Tainan-based Prince Housing and Development Corp (太子建設) is looking at earnings growth this year due to unrecognized sales and profits of about NT$6 billion (US$205.42 million), the company told an investors’ conference on Wednesday.
The rosy outlook, if realized, would beat last year’s net income, which soared nearly twofold from 2020 to a five-year high of NT$1.53 billion, or earnings of NT$0.95 per share.
The company’s board approved a proposed cash dividend of NT$0.5 per share, pending shareholders’ approval at a meeting on June 17.
Prince Housing and Development stands to benefit from a new housing project in New Taipei City’s Linkou District (林口) and two new projects in Kaohsiung: one in Renwu District (仁武) and another in Nanzih District (楠梓).
The three complexes might generate sales of NT$2.5 billion, NT$2.04 billion and NT$2.48 billion respectively, it said.

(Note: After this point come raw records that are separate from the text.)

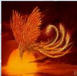
Жар - птица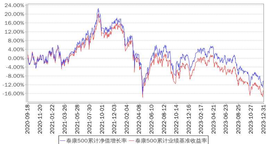
泰康500累计净值增长率与同期业绩比较基准收益率的历史走势对比图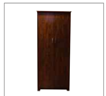
2 Door Wardrobe $399 $249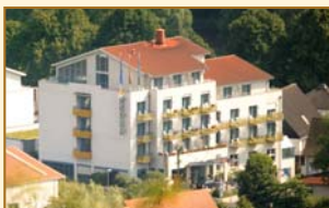
Posthotel Rotenburg 36199 Rotenburg a. d. Fulda Tel. 06623 931-0 www.posthotel-rotenburg.de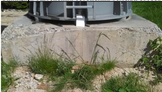
Темељ стуба бр.4 димензија 2 x 2 m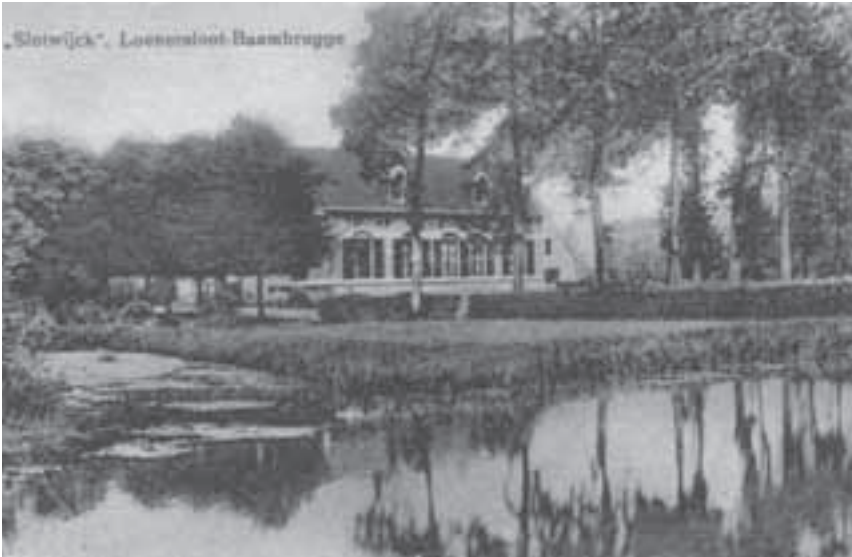
Afb. 7. Slootwijk, ingekleurde briefkaart uit ca 1920.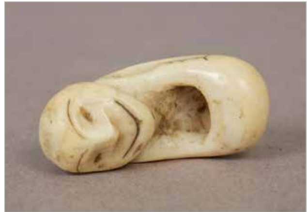
Илл. 3. Пряжка для шнура. Из коллекции Э. Нельсона, 1879. Клык моржа, резьба, гравировка. Национальный музей естественной истории Смитсоновского института.

явленные советскими исследователями при раскопках могильников на территории Чукотки в XX веке. Так, в могильниках Уэлена (погребение 1–3, 7, 9–10, 14–15, 17, 19, 22) 8 , Чини (погребение 38, 40, 54, 70) 9 и Эквена (погребение 7–8,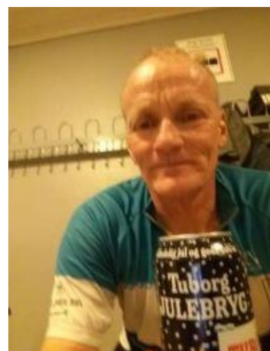
🙋 AGGER 🙋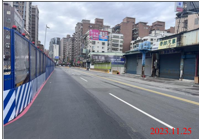
巡查日期地點：112.11.25/ Y22車站 照片說明：路面狀況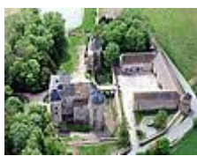
Le Château de Ruffey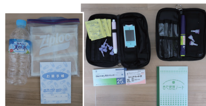
(写真左) 薬(1週間分が Good!) 水、お薬手帳 (写真右) 血糖測定器具 インスリン 血糖管理ノート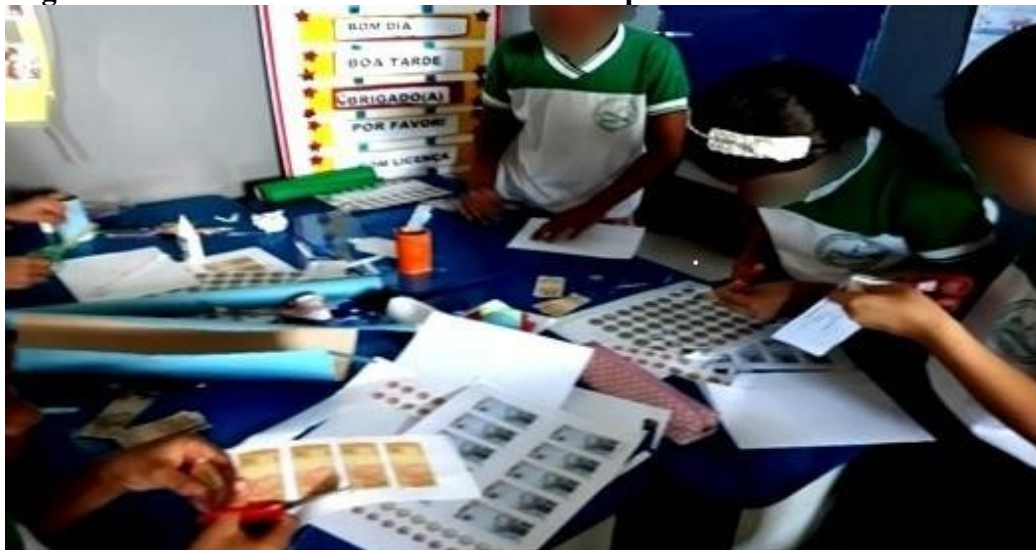
Figura 10 - Alunos Recortando o “Dinheiro” para ser utilizados na Feirinha

A professora comentou ainda que existe toda uma história que justifica a criação da data para que as mães sejam homenageadas no mês de maio. Entretanto na realidade, grande parte das pessoas costuma vincular a data ao comércio porque é uma forma de movimentar as vendas, mas não deixa de ser uma data especial e importante para as crianças e suas famílias. Com o início da aula em sala, a professora tratou logo de perguntar aos alunos sobre os materiais da feirinha cuja realização já estava próxima, ou seja, ela distribuiu os alunos, num total de 24, para organizarem seus materiais em departamentos que iriam trabalhar, bem como a distribuição do “dinheiro” que foi utilizado na Feirinha (Figura 10).

The firm has obtained use licenses for the Linkou complex and expects to obtain the use licenses for the complex in Kaohsiung’s Renwu later this month, meaning that they could contribute revenue.
The Nanzih complex, which has been completed, is 55 percent sold, leaving room for an extra NT$2.48 billion in sales, it said, adding that sales at the complexes are key to the company’s profitability this year.
Overall sales could reach NT$13.32 billion this year after factoring in unsold houses at various locations in Taiwan, it said.
Its investment in affiliated hotels might be recovering from the COVID-19 pandemic given the figures from the first quarter, Prince Housing and Development said.
The company is the property owner of W Hotel in Taipei’s Xinyi District (信義) and Hotel Resonance Taipei (台北時代寓所) in Zhongzheng District (中正).
The two facilities are targeting fashionable and tech-savvy business and leisure travelers from Taiwan and abroad.
While maintaining border controls, Taiwan has eased quarantine and social-distancing requirements, as the number of infections from the Omicron variant of SARS-CoV-2 are spiking, but more than 99 percent of the cases display mild or no COVID-19 symptoms.